Валя оторвалась от компьютера, тяжело встала со стула и поплелась, опираясь на костыль в комнату Эдика вызволять Даньку. «Отец, отец,- бормотала она,- Господи, утоли мои печали»,- крестилась на ходу, перекладывая костыль в левую руку.


Данька стоял на цыпочках , уцепившись за край стола, за которым сидел Эдик, и преданными глазками следил за движением рук дяди. Голый тощий задик мальчонки замерз, ребенок переступал на цыпочках. Валя едва не заплакала и сказала:


-Дал бы ребенку позаниматься, не жалко мальчонку? Уж посинел рядом с тобой.


-Позанимайтесь у себя, а мне некогда,- сказал Эдик, не отрываясь от компьютера.


-Тогда дай мне поводок от Бертика, мы сейчас гулять пойдем.


-Куда гулять, куда?- спросил Эдик.- Хочешь, чтобы тебя соседи замели, милицию натравили ?


-Ладно, накаркаешь, давай поводок, говорю!- прикрикнула Валя.


Эдик резко встал со стула, задев Даньку, и тот завалился на ковер вверх ногами. Взял с кресла поводок с большим ошейником, оставшийся от недавно изгнанного к друзьям непомерно лохматого и зубастого водолаза Бертика, и кинул его матери.


-Все, отстаньте, идите куда хотите. Только ко мне не приставайте.


-Пойдем, Дань,- сказала Валя.- Гулять будем и петь будем, а смерть придет, помирать будем.


-Петь вы будете,- проворчал Эдик им вслед.


-Ну не пить же! – откликнулась Валя и они с сыном вдруг засмеялись.


Гуляли поздно вечером, если не было сильного мороза. Во всех окнах у соседей горел свет, и они не видели, что происходит во дворе. Но так думала Валя, когда выходила из подъезда, опираясь на два костыля, а за ней появлялся укутанный маленький Данька, перевязанный в поясе собачьим ошейником, пристегнутым к поводку. Поводок же был прикреплен большой булавкой к Валиному пальто. Издали казалось, что женщина учит кататься на лыжах ребенка. На самом деле Валя пристегивала к себе Даньку поводком Бертика, чтобы мальчишка не убежал от нее к пивному ларьку на автобусной остановке. Она бы его не догнала со своими костылями. Вот и водила привязанного на собачьем ошейнике.

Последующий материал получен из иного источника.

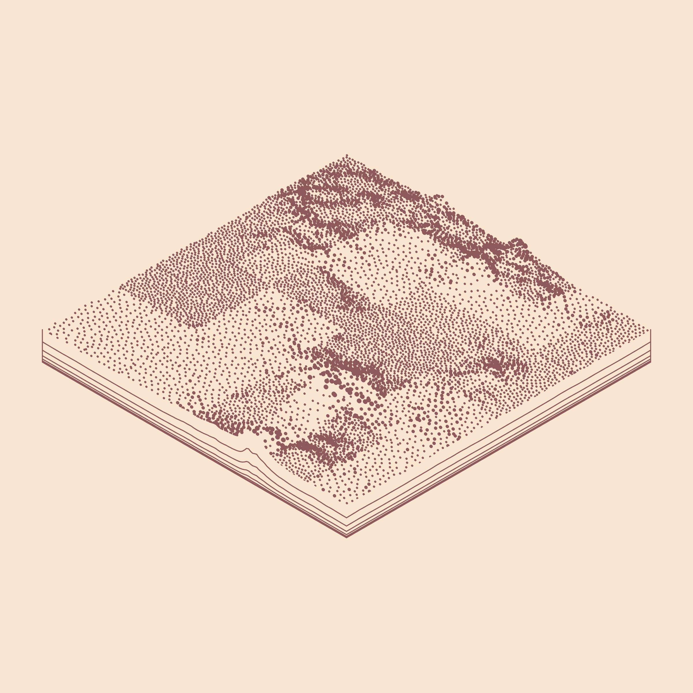 A generative algorithm that draws the impression of a landscape from a multitude of possibilities. The unique seed from each token drives the parametric assortment of lines, colors, and forms into a constructed composition.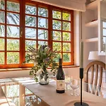 Gästerna kan också njuta av utsikten över trädgården. I badrummet finns även en bidé och en dusch. Det finns hårtorkar, badlakan och handdukar för gästernas komfort.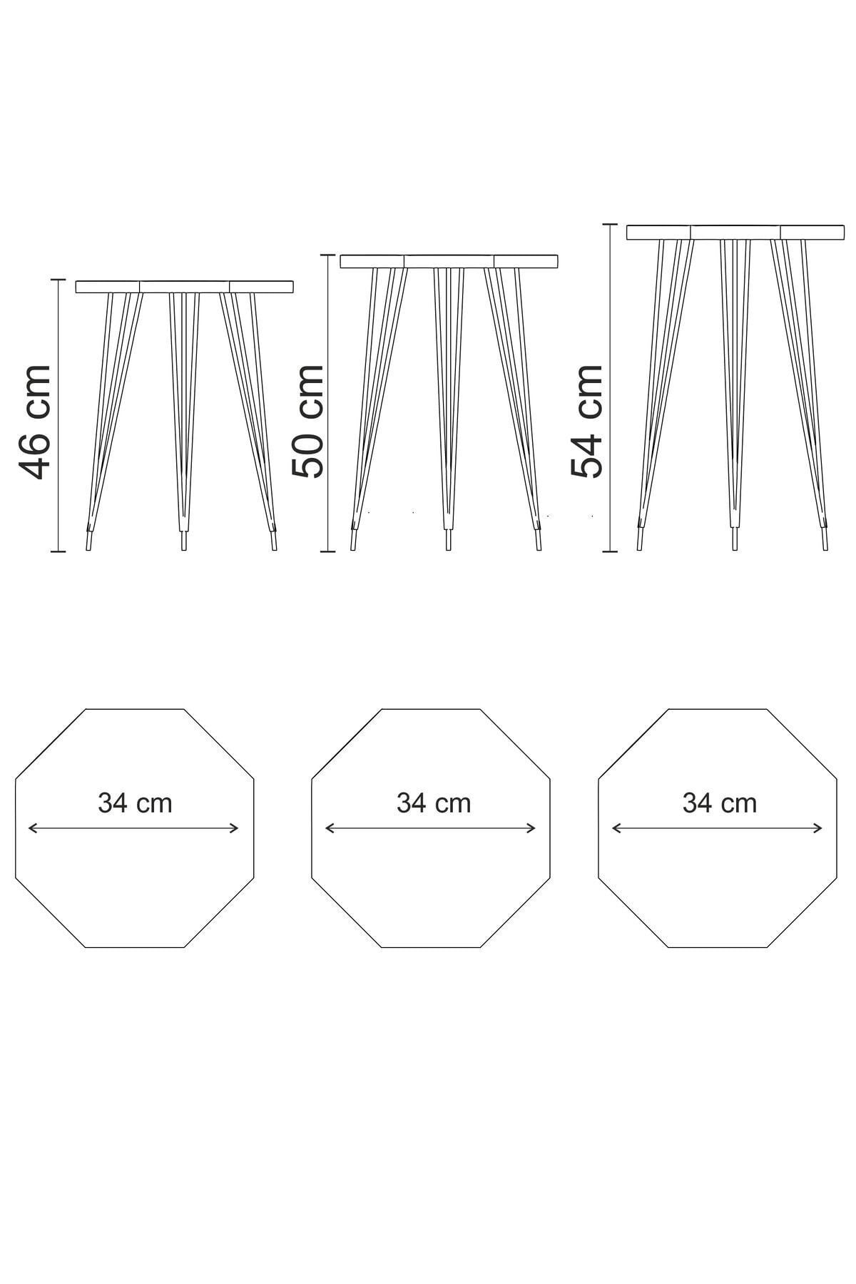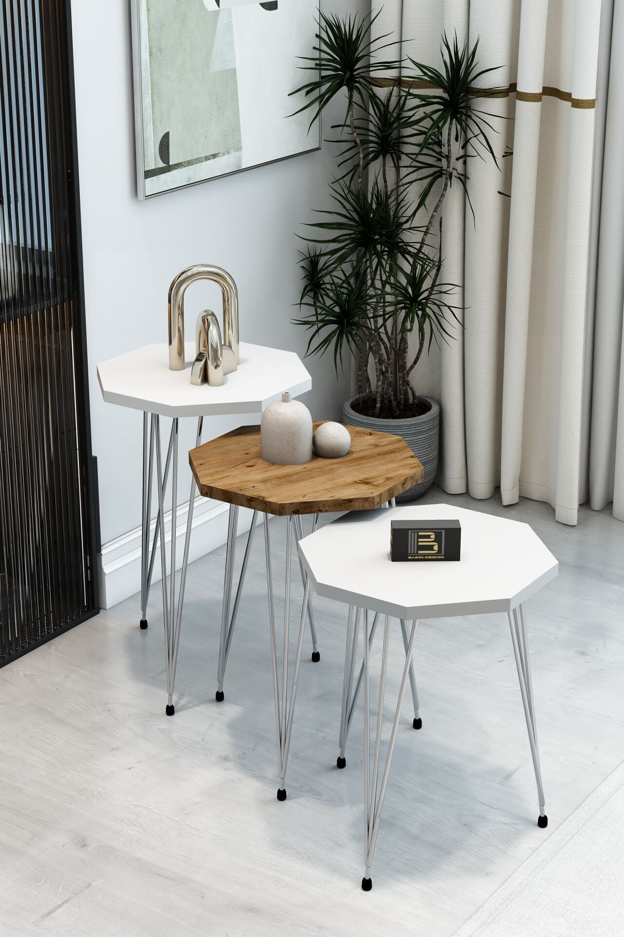 3'lü Sekizgen Zigon Sehpa Seti - Gümüş Metal Ayaklı, Modern & Şık Yan Sehpa, Dayanıklı Salon Ofis 2 Beyaz 1 Atlantik Çam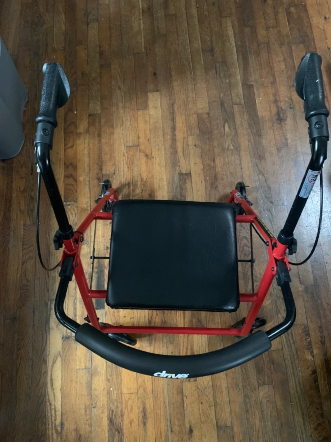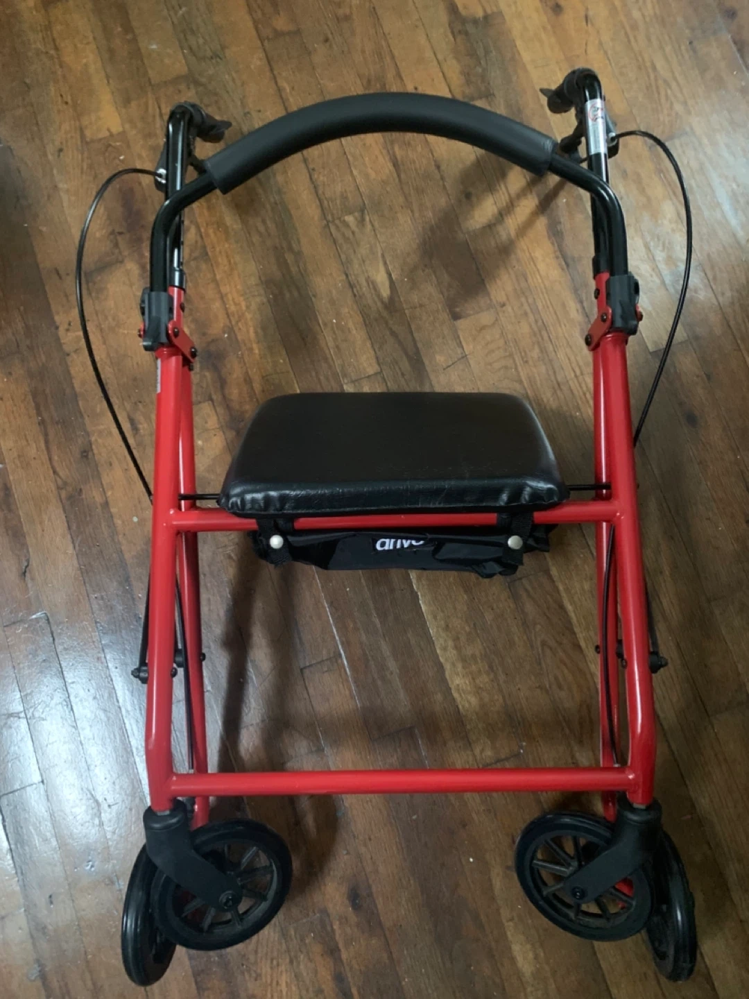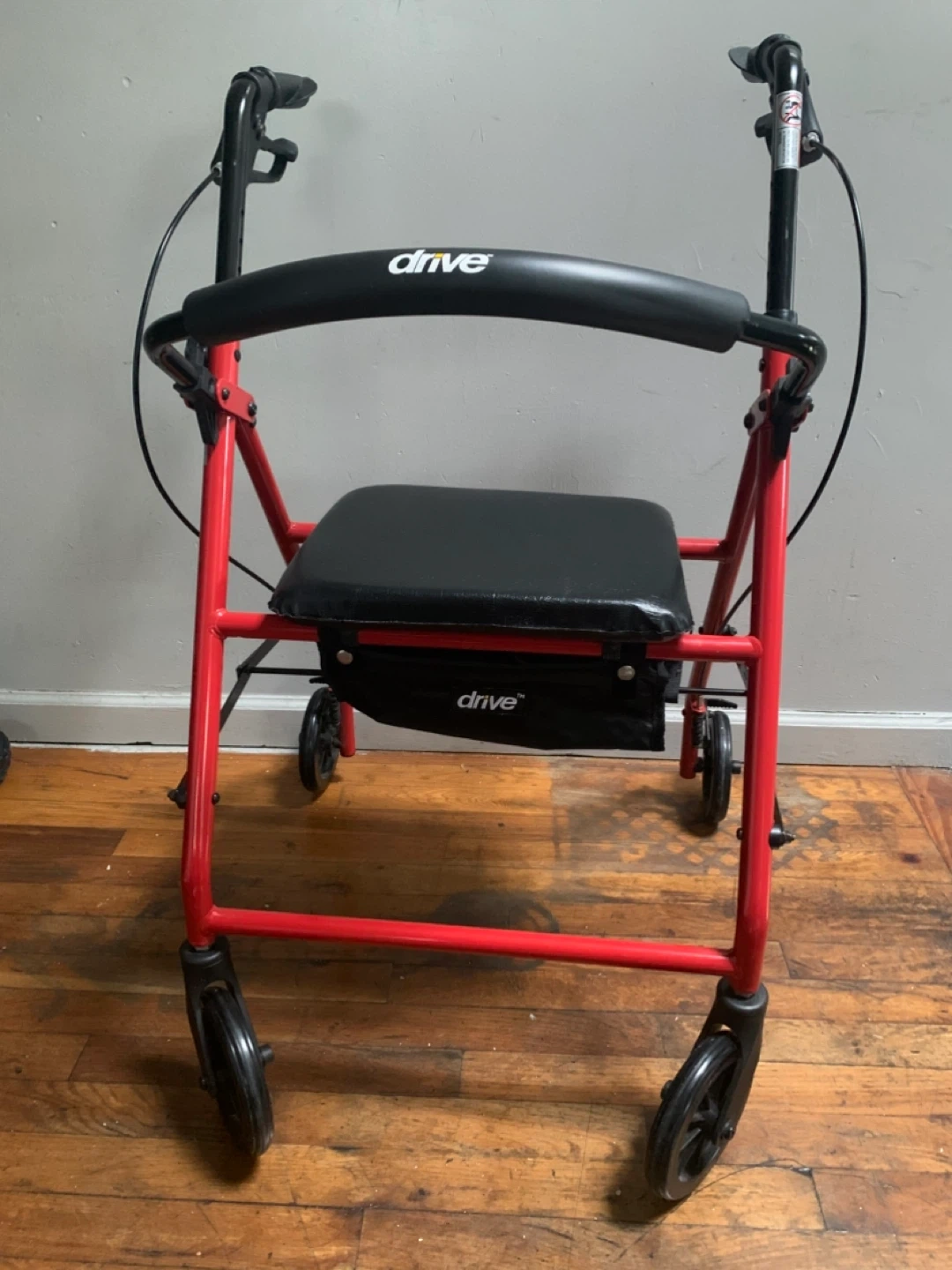 Selling a Drive Medical rollator walker in good condition! It's red with a black seat and a storage bag underneath. Perfect for anyone needing a little extra support while getting around.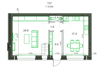 Общая площадь: 97 м2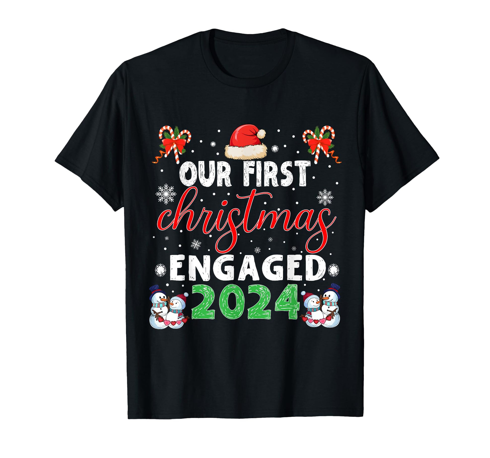 Christmas Couple tees Our First Christmas Engaged 2024 Funny Couple Xmas Pajamas T-Shirt

Так они дышали зимним воздухом с час и потихоньку отправлялись обратно домой.


Однако с некоторых пор все соседи в доме ждали той минуты, когда Валя Жукова выводила своего внука гулять на поводке. И наблюдали без устали эту картину от начала до конца. Все знали, что ребенка привела к ней подруга дочери, опомнившись после многодневного запоя. Не найдя в квартире мать мальчика, она терпела его у себя еще несколько дней, а потом повела к бабке.


Тем же вечером, когда Валя вывела на прогулку Даньку после того, как решила написать письмо знаменитому телеведущему, о популярной передаче вспомнила и ее соседка с четвертого этажа. Она сказала мужу, наблюдая за привязанным к поводку ребенком:


- Ты не знаешь, хорошо платят за информацию об интересных фактах на телевидении?


-Откуда? А у тебя есть, на чем заработать? Неужто труп в огороде у моей тещи нашла? Тогда это – мой,- хохотнул муж соседки.


-Моя мама твоих детей на собачьих поводках не водит!- злобно ответила она.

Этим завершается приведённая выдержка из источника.